Data to process>
<<<<

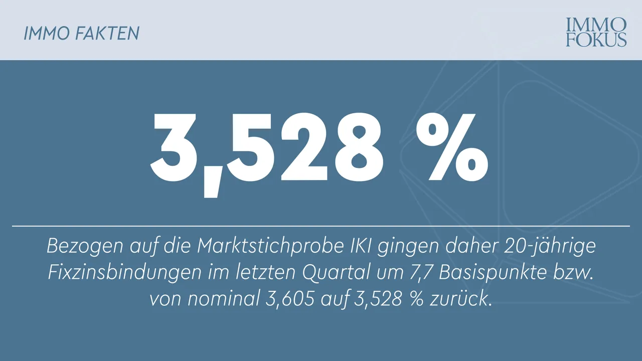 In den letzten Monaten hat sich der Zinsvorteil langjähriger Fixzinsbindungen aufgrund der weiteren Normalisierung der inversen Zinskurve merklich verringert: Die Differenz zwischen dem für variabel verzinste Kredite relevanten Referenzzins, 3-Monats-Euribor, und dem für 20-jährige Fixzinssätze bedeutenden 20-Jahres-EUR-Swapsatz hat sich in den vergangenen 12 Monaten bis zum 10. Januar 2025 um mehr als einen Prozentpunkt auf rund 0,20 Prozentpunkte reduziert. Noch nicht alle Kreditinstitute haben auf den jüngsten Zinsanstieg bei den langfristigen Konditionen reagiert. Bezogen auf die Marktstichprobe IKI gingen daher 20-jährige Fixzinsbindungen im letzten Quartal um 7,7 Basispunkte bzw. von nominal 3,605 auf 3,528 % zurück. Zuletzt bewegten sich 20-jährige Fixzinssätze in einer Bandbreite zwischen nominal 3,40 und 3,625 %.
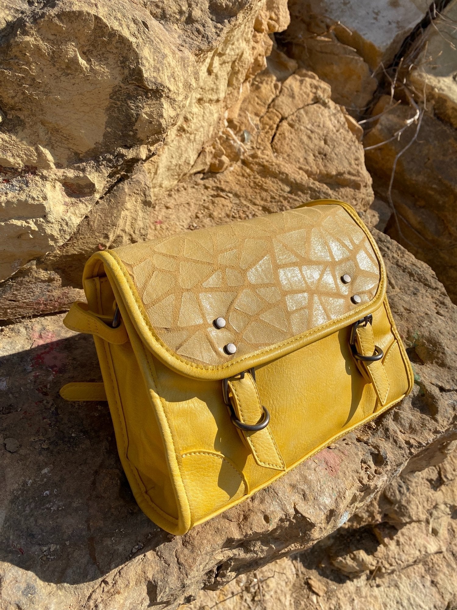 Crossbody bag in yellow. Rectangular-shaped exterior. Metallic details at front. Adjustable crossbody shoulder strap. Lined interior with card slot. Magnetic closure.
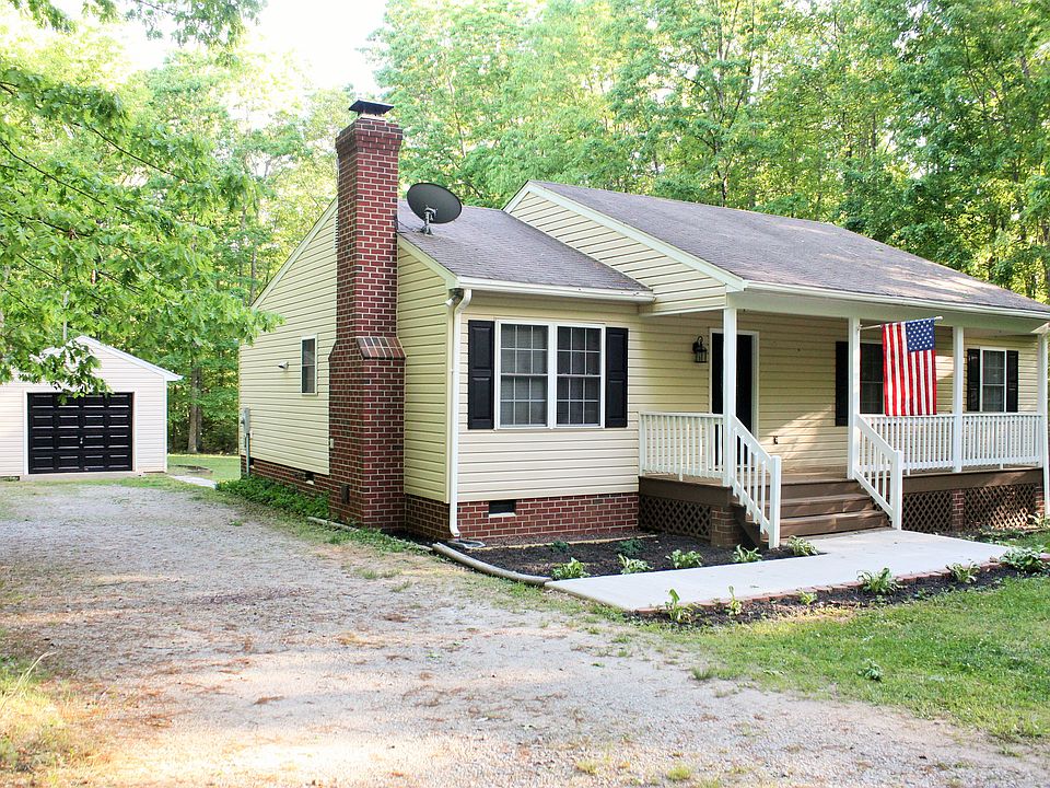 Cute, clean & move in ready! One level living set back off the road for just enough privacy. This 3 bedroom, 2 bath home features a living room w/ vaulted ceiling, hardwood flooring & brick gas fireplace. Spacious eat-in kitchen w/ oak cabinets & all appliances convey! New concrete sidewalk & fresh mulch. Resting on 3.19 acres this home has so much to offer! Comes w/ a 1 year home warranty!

>>>>
<<<<

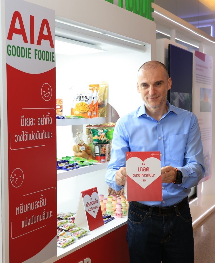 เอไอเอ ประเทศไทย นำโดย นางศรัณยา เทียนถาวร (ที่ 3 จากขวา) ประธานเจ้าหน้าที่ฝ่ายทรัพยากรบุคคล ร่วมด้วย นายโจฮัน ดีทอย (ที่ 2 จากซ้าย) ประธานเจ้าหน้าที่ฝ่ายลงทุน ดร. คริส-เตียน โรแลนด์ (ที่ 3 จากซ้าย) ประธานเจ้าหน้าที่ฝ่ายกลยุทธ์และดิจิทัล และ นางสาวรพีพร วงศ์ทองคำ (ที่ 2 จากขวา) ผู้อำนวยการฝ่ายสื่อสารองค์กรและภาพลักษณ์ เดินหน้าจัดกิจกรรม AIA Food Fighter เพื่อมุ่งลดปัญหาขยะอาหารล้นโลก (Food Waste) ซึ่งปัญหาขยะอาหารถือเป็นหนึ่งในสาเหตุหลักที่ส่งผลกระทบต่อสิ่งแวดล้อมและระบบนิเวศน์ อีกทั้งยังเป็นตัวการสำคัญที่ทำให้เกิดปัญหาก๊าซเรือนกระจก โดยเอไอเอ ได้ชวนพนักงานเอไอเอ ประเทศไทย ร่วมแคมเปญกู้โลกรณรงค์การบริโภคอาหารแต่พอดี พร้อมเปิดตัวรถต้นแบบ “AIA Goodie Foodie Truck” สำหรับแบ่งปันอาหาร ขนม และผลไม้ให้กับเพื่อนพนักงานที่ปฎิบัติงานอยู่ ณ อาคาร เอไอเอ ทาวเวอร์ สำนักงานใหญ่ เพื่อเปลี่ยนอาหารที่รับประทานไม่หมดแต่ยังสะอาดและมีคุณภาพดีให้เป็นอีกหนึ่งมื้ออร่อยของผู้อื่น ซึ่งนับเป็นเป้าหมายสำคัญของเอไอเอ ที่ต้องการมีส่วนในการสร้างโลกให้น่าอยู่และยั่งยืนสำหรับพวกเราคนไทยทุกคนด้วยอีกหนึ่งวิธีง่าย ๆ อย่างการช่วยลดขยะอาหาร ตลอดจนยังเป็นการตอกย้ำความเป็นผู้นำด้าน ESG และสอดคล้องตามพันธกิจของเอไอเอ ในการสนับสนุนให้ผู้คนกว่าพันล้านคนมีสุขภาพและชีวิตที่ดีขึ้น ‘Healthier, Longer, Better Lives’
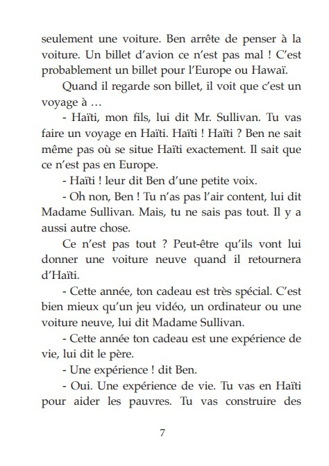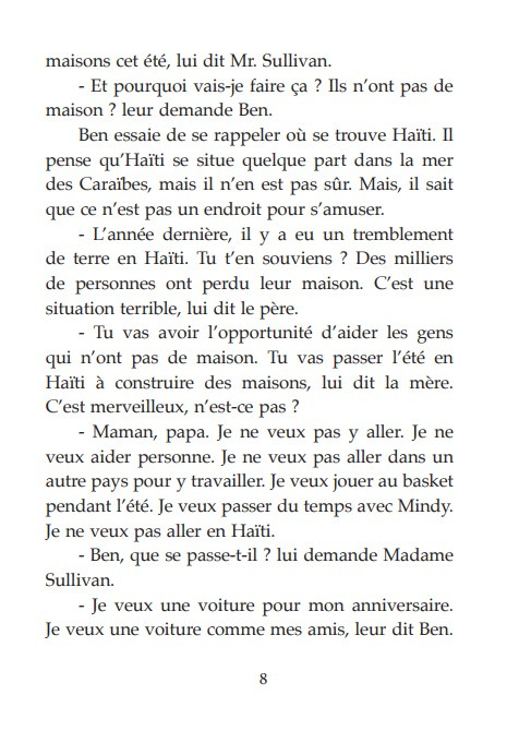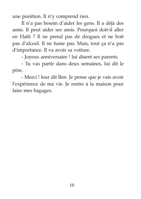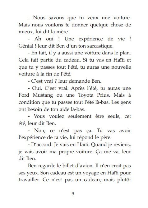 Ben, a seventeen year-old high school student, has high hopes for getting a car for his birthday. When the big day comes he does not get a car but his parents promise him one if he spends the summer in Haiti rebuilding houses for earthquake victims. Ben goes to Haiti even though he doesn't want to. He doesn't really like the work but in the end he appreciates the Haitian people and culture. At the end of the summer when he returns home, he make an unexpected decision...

>>>>

Excerpt from the records above: set down only the lines from the one that contains "In den letzten" through the one that contains "Crossbody bag in", inclusive, word for word. Pictures stay out.

 In den letzten Monaten hat sich der Zinsvorteil langjähriger Fixzinsbindungen aufgrund der weiteren Normalisierung der inversen Zinskurve merklich verringert: Die Differenz zwischen dem für variabel verzinste Kredite relevanten Referenzzins, 3-Monats-Euribor, und dem für 20-jährige Fixzinssätze bedeutenden 20-Jahres-EUR-Swapsatz hat sich in den vergangenen 12 Monaten bis zum 10. Januar 2025 um mehr als einen Prozentpunkt auf rund 0,20 Prozentpunkte reduziert. Noch nicht alle Kreditinstitute haben auf den jüngsten Zinsanstieg bei den langfristigen Konditionen reagiert. Bezogen auf die Marktstichprobe IKI gingen daher 20-jährige Fixzinsbindungen im letzten Quartal um 7,7 Basispunkte bzw. von nominal 3,605 auf 3,528 % zurück. Zuletzt bewegten sich 20-jährige Fixzinssätze in einer Bandbreite zwischen nominal 3,40 und 3,625 %.
 Crossbody bag in yellow. Rectangular-shaped exterior. Metallic details at front. Adjustable crossbody shoulder strap. Lined interior with card slot. Magnetic closure.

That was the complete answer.